To get more details , you will need to run the PSSDIAG. To run the PSSDIAG, you will have to first install the dashboard where you will configure the package. Once the configuration is done, you could pickup that .cab/exe file and take it to the server where you want to run it.
There you will follow the steps mentioned in PSSDIAG section above and capture the data. Once the data is captured you will need to feed that to SQLNexus so that it could show the reporting in more detailed format to find out the issue.
For manual PSSDIAG analysis, you could follow this blog: https://dbcouncil.net/2012/03/23/analyzing-pssdiag-logs-without-using-sqlnexus/
The drawback of PSSDIAG over MDW is , you will have to run it manually every time when the issue occurs but MDW will keep running in the background and fetch the data for you.
Live troubleshooting tools :
Activity Monitor : This is a very good tool to troubleshoot live issues. It has four sections as shown the below screenshot:
To see this tool you need to right click on the instance name and select activity monitor:
It can be used best for blocking issues or may be other query issues. Under processes you can get the output of sys.dm_exec_requests joined with some other DMVs which can be traced in profiler trace or we can check the query text:
Same way, we could use the other options to get resource waits , IO stats and expensive queries. It can help to at least find out the direction , you need to go.
It will be more effective if used with the standard reports mentioned below:
Standard SQL reports : There is a great set of reports which could be leveraged to do live troubleshooting for performance issues. Here is how find them:
Right click on the instance name as shown in the screenshot:
here is the screenshot of Server Dashboard report :
Similarly, there are lots of other reports which can help to find out high CPU/IO/time queries. To read more about it , please check : http://sudeeptaganguly.wordpress.com/2011/11/04/standard-reports-in-ssms-2008-r2/ and http://blogs.msdn.com/b/buckwoody/archive/2008/03/10/sql-server-management-studio-standard-reports-login-failures.aspx
UCP (Utility Control point): I have seen very few DBAs aware of this utility but can be very useful to track CPU,DB space and disk space on the servers.

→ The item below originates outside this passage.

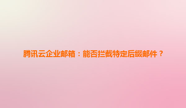 2025-05-30腾讯云企业邮箱能否拦截特定后缀邮件?深度解析与解决方案 一、核心需求:企业邮件安全管理的痛点 在日常企业运营中,大量垃圾邮件、钓鱼邮件和恶意邮件严重干扰工作效率。其中特定域名...

Let me explain the best use of this utility by giving an example. lets say you have 10 applications hosted on SQL environment and there is high CPU caused by one of them. Could you think of any method of tracking which application’s query is causing the issue.
May be the answer will be, find out the query causing the issue and then find out which application this query belongs to. But If we use UCP , we can find out the application wise CPU consumption with just few clicks. But we will have deploy the application using data tier project using BIDS then only we will get the list under data tier application.
Application wise resource usage as shown in below screenshot :
This article explains about how to configure the UCP and it’s benefits : http://www.databasejournal.com/features/mssql/sql-server-utility-control-point-ucp.html
The dashboard of UCP looks like :
I have got this question many times, We have all the tools available then why do people go for paid tools for DB monitoring. The answer is , the paid tools give us one integrated framework where we can monitor all this. But almost same work can be accomplished by using all the above mentioned tools but the only difference is we have to hop between these tools to drive a conclusion. These tools are boon for the organizations which don’t have budgets to spend on the monitoring tools.